W3C home > Mailing lists > Public > public-bioschemas@w3.org > January 2019

Fwd: WebDataCommons releases 31.5 billion quads Microdata, Embedded JSON-LD, RDFa, and Microformat data originating from 9.6 million websites

From: Gray, Alasdair J G <A.J.G.Gray@hw.ac.uk>
Date: Tue, 22 Jan 2019 20:40:10 +0000
To: "public-bioschemas@w3.org" <public-bioschemas@w3.org>
Message-ID: <6C464F60-1C62-4809-A0DC-6F1A5F75BAC7@hw.ac.uk>
Of interest to the Bioschemas community.

Begin forwarded message:

From: Anna Primpeli <anna@informatik.uni-mannheim.de<mailto:anna@informatik.uni-mannheim.de>>
Subject: WebDataCommons releases 31.5 billion quads Microdata, Embedded JSON-LD, RDFa, and Microformat data originating from 9.6 million websites
Date: 17 January 2019 at 09:23:08 CET
To: <semantic-web@w3.org<mailto:semantic-web@w3.org>>, <public-schemaorg@w3.org<mailto:public-schemaorg@w3.org>>, <public-vocabs@w3.org<mailto:public-vocabs@w3.org>>
Resent-From: <semantic-web@w3.org<mailto:semantic-web@w3.org>>

Hi all,
we are happy to announce the new release of the WebDataCommons Microdata, JSON-LD, RDFa and Microformat data corpus.
The data has been extracted from the November 2018 version of the Common Crawl covering 2.5 billion HTML pages which originate from 32 million websites (pay-level domains).
In summary, we found structured data within 900 million HTML pages out of the 2.5 billion pages contained in the crawl (37.1%). These pages originate from 9.6 million different pay-level domains out of the 32.8 million pay-level-domains covered by the crawl (29.3%).
Approximately 5.1 million of these websites use Microdata, 3.8 million websites use JSON-LD, and 1.3 million websites make use of RDFa. Microformats are used by more than 3.3 million websites within the crawl.


More and more websites annotate data describing for instance products, people, organizations, places, events, reviews, and cooking  recipes within their HTML pages using markup formats such as Microdata, embedded JSON-LD, RDFa and Microformat.

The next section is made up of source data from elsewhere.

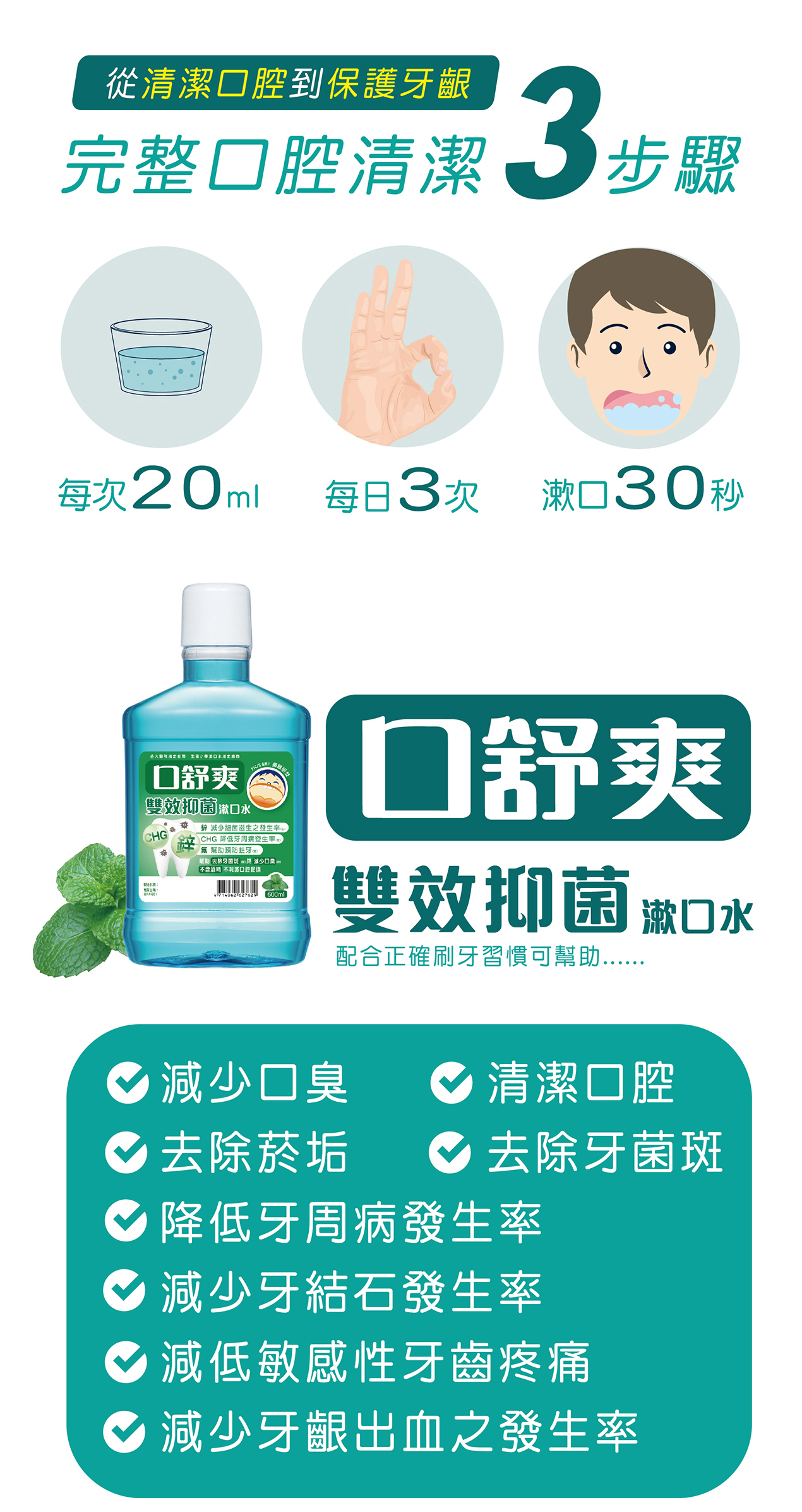 ‧每日2~3次,每次10~20ml,含於口內漱動30秒後吐掉。
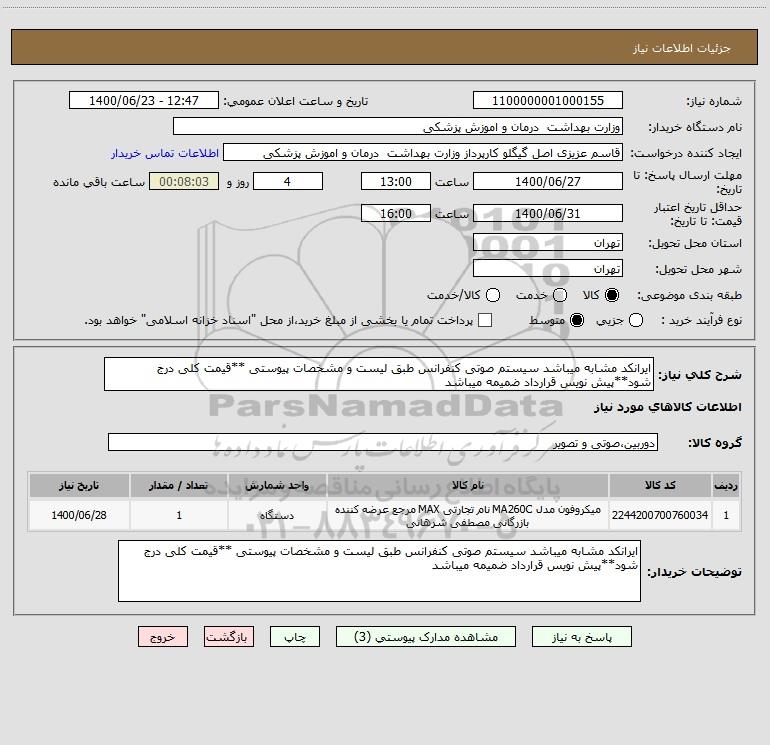 شرح کلی نیاز: ایرانکد مشابه میباشد سیستم صوتی کنفرانس طبق لیست و مشخصات پیوستی **قیمت کلی درج شود**پیش نویس قرارداد ضمیمه میباشد
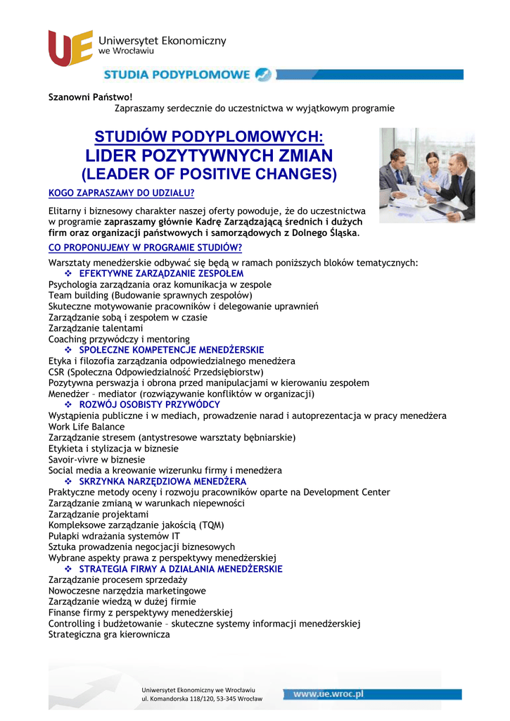 Szanowni Państwo! Zapraszamy serdecznie do uczestnictwa w wyjątkowym programie STUDIÓW PODYPLOMOWYCH: LIDER POZYTYWNYCH ZMIAN (LEADER OF POSITIVE CHANGES) KOGO ZAPRASZAMY DO UDZIAŁU? Elitarny i biznesowy charakter naszej oferty powoduje, że do uczestnictwa w programie zapraszamy głównie Kadrę Zarządzającą średnich i dużych firm oraz organizacji państwowych i samorządowych z Dolnego Śląska. CO PROPONUJEMY W PROGRAMIE STUDIÓW? Warsztaty menedżerskie odbywać się będą w ramach poniższych bloków tematycznych: EFEKTYWNE ZARZĄDZANIE ZESPOŁEM Psychologia zarządzania oraz komunikacja w zespole Team building (Budowanie sprawnych zespołów) Skuteczne motywowanie pracowników i delegowanie uprawnień Zarządzanie sobą i zespołem w czasie Zarządzanie talentami Coaching przywódczy i mentoring SPOŁECZNE KOMPETENCJE MENEDŻERSKIE Etyka i filozofia zarządzania odpowiedzialnego menedżera CSR (Społeczna Odpowiedzialność Przedsiębiorstw) Pozytywna perswazja i obrona przed manipulacjami w kierowaniu zespołem Menedżer – mediator (rozwiązywanie konfliktów w organizacji) ROZWÓJ OSOBISTY PRZYWÓDCY Wystąpienia publiczne i w mediach, prowadzenie narad i autoprezentacja w pracy menedżera Work Life Balance Zarządzanie stresem (antystresowe warsztaty bębniarskie) Etykieta i stylizacja w biznesie Savoir-vivre w biznesie Social media a kreowanie wizerunku firmy i menedżera SKRZYNKA NARZĘDZIOWA MENEDŻERA Praktyczne metody oceny i rozwoju pracowników oparte na Development Center Zarządzanie zmianą w warunkach niepewności Zarządzanie projektami Kompleksowe zarządzanie jakością (TQM) Pułapki wdrażania systemów IT Sztuka prowadzenia negocjacji biznesowych Wybrane aspekty prawa z perspektywy menedżerskiej STRATEGIA FIRMY A DZIAŁANIA MENEDŻERSKIE Zarządzanie procesem sprzedaży Nowoczesne narzędzia marketingowe Zarządzanie wiedzą w dużej firmie Finanse firmy z perspektywy menedżerskiej Controlling i budżetowanie – skuteczne systemy informacji menedżerskiej Strategiczna gra kierownicza Uniwersytet Ekonomiczny we Wrocławiu ul. Komandorska 118/120, 53-345 Wrocław CO WYRÓŻNIA TE STUDIA? Poza przekazywaniem najnowszych osiągnięć wiedzy ukierunkowanej na skuteczne rozwijanie kompetencji menedżerskich i kierowniczych chcemy także utworzyć swoisty KLUB BIZNESU, do którego należeć będą Menedżerowie obecnej i przyszłych edycji studiów. Zależy nam bowiem, abyście mieli Państwo szerszą możliwość: - budowania bliskich, interpersonalnych relacji z innymi Słuchaczami studiów, - wymieniania się wiedzą i doświadczeniami, - wzajemnego polecania swoich usług i produktów czy - dzielenia się informacjami rynkowymi. Praca dyplomowa po ukończeniu studiów została zastąpiona przyjaznym egzaminem menedżerskim, ponieważ wychodzimy z założenia, że najważniejszym elementem w praktyce menedżera jest bezpośrednia komunikacja. Świadectwo ukończenia studiów podyplomowych zawierać będzie nazwy przedmiotów w języku polskim i angielskim (chociaż zajęcia będą prowadzone w języku polskim), dzięki czemu można będzie przedstawić certyfikat ukończenia studiów także w szerszych międzynarodowych kręgach. KTO PROWADZI ZAJĘCIA? Zajęcia prowadzone będą przez najlepszych wykładowców akademickich oraz trenerów biznesu, coachów, psychologów, mediatorów i ekspertów w dziedzinie zarządzania, marketingu, prawa i finansów. W ramach wspomnianego Klubu Biznesu przewidziane są także prelekcje i dyskusje z biznesmenami Diamentów Forbesa oraz top management’em biznesu dolnośląskiego. Do prowadzenia prelekcji i wykładów zaprosiliśmy także znane osoby świata binzesu i życia społecznego – m.in.: Prof. zw. dr hab. Marian Noga – Rektor Akademii Ekonomicznej we Wrocławiu(1999-2005), członek Rady Polityki Pieniężnej (20042010), senator RP IV i V kadencji; Prof. dr hab. Witold Modzelewski – Wiceminister Finansów (1992-96), doradca podatkowy, autor ok. 1000 publikacji; Lidia Geringer de Oedenberg – poseł do Parlamentu Europejskiego; Mec. Leszek Korczak – Dziekan Okręgowej Izby Radców Prawnych we Wrocławiu. Uniwersytet Ekonomiczny we Wrocławiu ul. Komandorska 118/120, 53-345 Wrocław KIEDY i GDZIE ODBYWAJĄ SIĘ ZAJĘCIA? Studia zakładają 140 godzin warsztatów, co oznacza, że przez okres 9 miesięcy spotykamy się weekendowo 1 RAZ W MIESIĄCU! Zajęcia odbywać się będą w nowoczesnych, w pełni mulitmedialnych salach Centrum Kształcenia Ustawicznego Uniwersytetu Ekonomicznego we Wrocławiu. Zaplanowano także SESJE WYJAZDOWE (merytorycznointegracyjne) do ekskluzywnych hoteli SPA, aby tam dzielić się wiedzą oraz lepiej poznać się w menedżerskim gronie, zbudować przyjacielskie relacje i odpocząć od bieżących spraw zawodowych. (Ilość sesji przedyskutujemy z Uczestnikami podczas pierwszego spotkania). Poza programem Studiów planujemy także fakultatywne (nieodpłatne) zajęcia rekreacyjno-rozwojowe dla Uczestników Studiów i Ich Dzieci, podczas których będzie okazja do rodzinnej zabawy i ciekawej rywalizacji. ILE WYNOSI INWESTYCJA W STUDIA? Opłata za cały rok studiów wynosi 4.950 PLN brutto, co w porównaniu do oferowanych na rynku edukacyjnym programów MBA stanowi ok. 1/5 ceny konkurencyjnych programów. Istnieje możliwość rozłożenia płatności na dwie lub więcej rat. Ponadto na Państwa życzenie Uczelnia wystawia stosowne dokumenty potwierdzające zasadność podjęcia studiów. GDZIE MOŻNA DOKONAĆ ZGŁOSZENIA? Zgłoszenia na studia prosimy kierować do Koordynatora Studiów: mgr Agnieszka Ficnerska tel. kom.: 882 714 330; tel. stac.: 71 319 48 35; e-mail: [email protected] Po dokonaniu zgłoszenia, otrzymacie Państwo dalsze szczegółowe informacje dotyczące terminów zajęć, wymaganych dokumentów itd. Zgłoszenia przyjmujemy do: 30 września 2015r. Przewidywany termin rozpoczęcia zajęć: 17 października 2015r. KTO UDZIELA DODATKOWYCH INFORMACJI? Do Państwa d

The WebDataCommons project extracts all Microdata, JSON-LD, RDFa, and Microformat data from the Common Crawl web corpus, the largest web corpus that is available to the public, and provides the extracted data for download. In addition, we publish statistics about the adoption of the different markup formats as well as the vocabularies that are used together with each format. We run yearly extractions since 2012 and we provide the dataset series as well as the related statistics at:

Statistics about the November 2018 Release:
Basic statistics about the November 2018 Microdata, JSON-LD, RDFa, and Microformat data sets as well as the vocabularies that are used together with each markup format are found at:


Markup Format Adoption
The page below provides an overview of the increase in the adoption of the different markup formats as well as widely used schema.org<http://schema.org/> classes from 2012 to 2018:
Comparing the statistics from the new 2018 release to the statistics about the November 2017 release of the data sets
we see that the adoption of structured data keeps on increasing while Microdata remains the most dominant markup syntax. Differences in the crawling strategies that were used for the two crawls make it difficult to directly compare absolute as well as certain relative numbers. More concretely, we observe that the November 2018 Common Crawl corpus is shallower but wider, as fewer URLs from more PLDs are crawled compared to the November 2017 Common Crawl corpus. Nevertheless, it is clear that the growth rates of Microdata and embedded JSON-LD are much higher than the one of RDFa. Comparing the number of PLDs per markup format for certain classes, we observe that there is a tendency to use specific annotation formats for some domains in comparison to others. For example, for annotating data about organizations and persons, JSON-LD format is more widely used whereas the Microdata format is preferred for annotating product and event data.

Vocabulary Adoption
Concerning the vocabulary adoption, schema.org<http://schema.org/>, the vocabulary recommended by Google, Microsoft, Yahoo!, and Yandex continues to be the most dominant in the context of Microdata with 75% of the webmasters using it in comparison to its predecessor, the data-vocabulary, which is only used by 13% of the websites containing Microdata. In the context of RDFa, the Open Graph Protocol recommended by Facebook remains the most widely used vocabulary. The file below analyzes the adoption of schema.org<http://schema.org/> terms that have been newly introduced in the last two years. The file also provides statistics on how many websites use specific schema.org<http://schema.org/> classes together with the JSON-LD and Microdata syntax.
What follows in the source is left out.